═══ Recorded information ═══

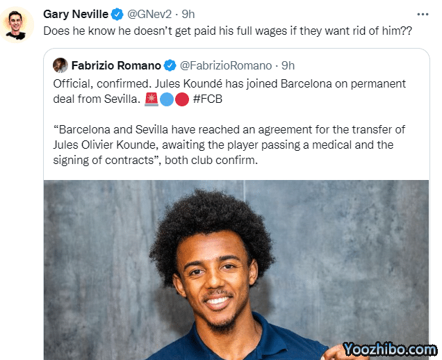 24直播网07月29日讯今天巴萨官宣签下塞维利亚中卫孔德,随后曼联名宿加里-内维尔在推特上发文嘲讽巴萨。
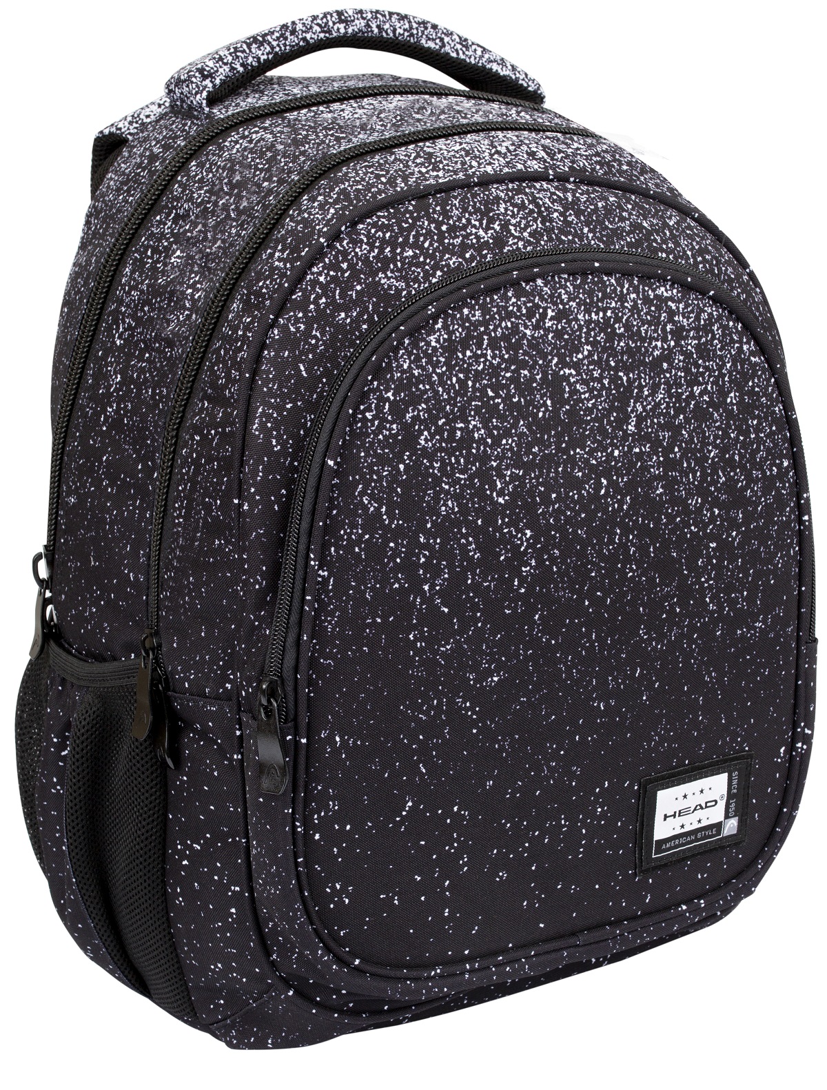 Trzykomorowy plecak fashion Head z czarno białym motywem szumu to jeden z najmodniejszych wzorów tego sezonu. Odważne przejścia tonalne z czarnymi kropkami na białym tle spodobają się wszystkim miłośnikom mody, którzy chcą wyróżniać się z tłumu.
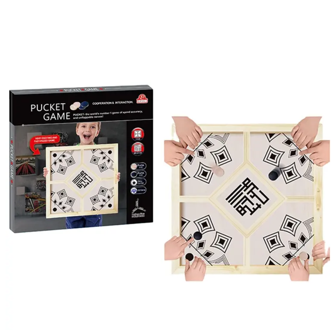 Made for speed and laughter, this wooden tabletop game is all about launching all your pucks to the opponent's side before they do the same to you. Think fast, aim sharp, and shoot with precision.

═══

Print the material exactly as given, but not the pictures.

**Solution to this problem:**
 24直播网07月29日讯今天巴萨官宣签下塞维利亚中卫孔德,随后曼联名宿加里-内维尔在推特上发文嘲讽巴萨。
 Trzykomorowy plecak fashion Head z czarno białym motywem szumu to jeden z najmodniejszych wzorów tego sezonu. Odważne przejścia tonalne z czarnymi kropkami na białym tle spodobają się wszystkim miłośnikom mody, którzy chcą wyróżniać się z tłumu.
 Made for speed and laughter, this wooden tabletop game is all about launching all your pucks to the opponent's side before they do the same to you. Think fast, aim sharp, and shoot with precision.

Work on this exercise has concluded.